_DATASET EXCERPTS_
------------------------

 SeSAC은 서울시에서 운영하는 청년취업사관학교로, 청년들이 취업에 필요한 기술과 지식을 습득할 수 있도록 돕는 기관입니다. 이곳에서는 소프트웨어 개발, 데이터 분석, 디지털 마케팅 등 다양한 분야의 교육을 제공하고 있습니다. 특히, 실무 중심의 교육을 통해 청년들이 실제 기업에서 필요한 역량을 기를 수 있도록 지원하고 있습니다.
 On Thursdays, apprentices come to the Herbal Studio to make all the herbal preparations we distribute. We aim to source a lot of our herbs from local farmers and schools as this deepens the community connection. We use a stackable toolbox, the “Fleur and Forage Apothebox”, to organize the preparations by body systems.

------------------------

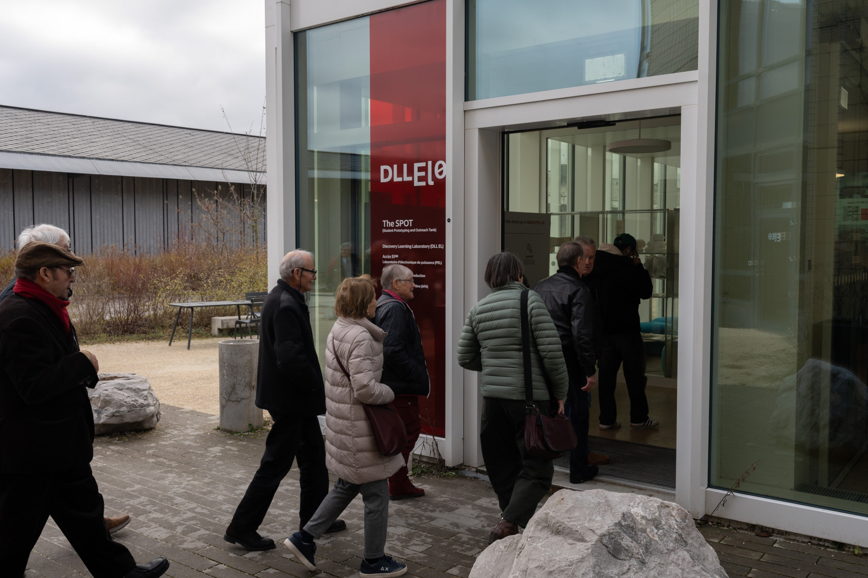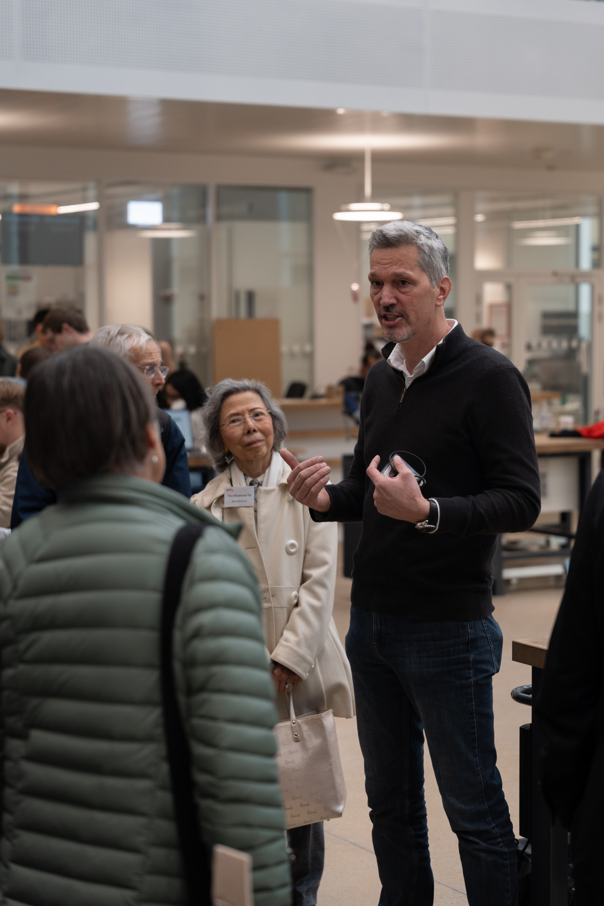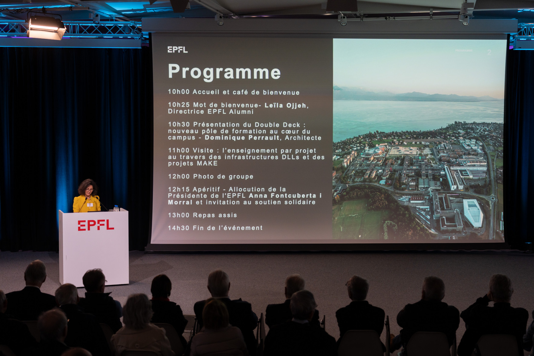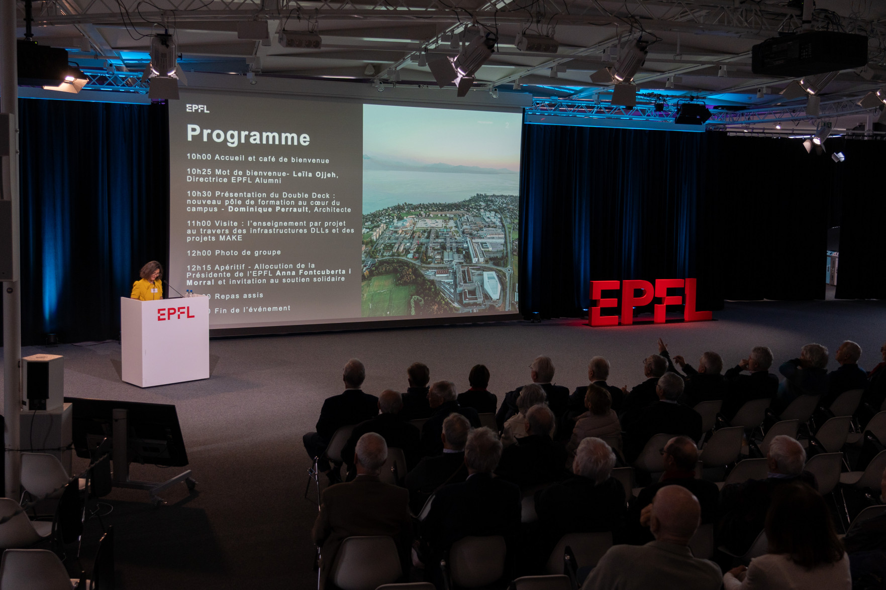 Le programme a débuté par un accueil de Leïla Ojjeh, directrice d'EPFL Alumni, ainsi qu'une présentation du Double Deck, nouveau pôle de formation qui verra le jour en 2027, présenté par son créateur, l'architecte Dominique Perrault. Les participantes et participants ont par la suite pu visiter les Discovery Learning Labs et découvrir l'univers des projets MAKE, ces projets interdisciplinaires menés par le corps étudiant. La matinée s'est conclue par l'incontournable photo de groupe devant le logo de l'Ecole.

------------------------

_THE TASK_
In the listing above, transcribe exactly everything from the line containing "SeSAC은 서울시에서 운영하는" down to the line containing "On Thursdays, apprentices", including both and nothing more.

_SOLUTION TO THIS TASK_
 SeSAC은 서울시에서 운영하는 청년취업사관학교로, 청년들이 취업에 필요한 기술과 지식을 습득할 수 있도록 돕는 기관입니다. 이곳에서는 소프트웨어 개발, 데이터 분석, 디지털 마케팅 등 다양한 분야의 교육을 제공하고 있습니다. 특히, 실무 중심의 교육을 통해 청년들이 실제 기업에서 필요한 역량을 기를 수 있도록 지원하고 있습니다.
 On Thursdays, apprentices come to the Herbal Studio to make all the herbal preparations we distribute. We aim to source a lot of our herbs from local farmers and schools as this deepens the community connection. We use a stackable toolbox, the “Fleur and Forage Apothebox”, to organize the preparations by body systems.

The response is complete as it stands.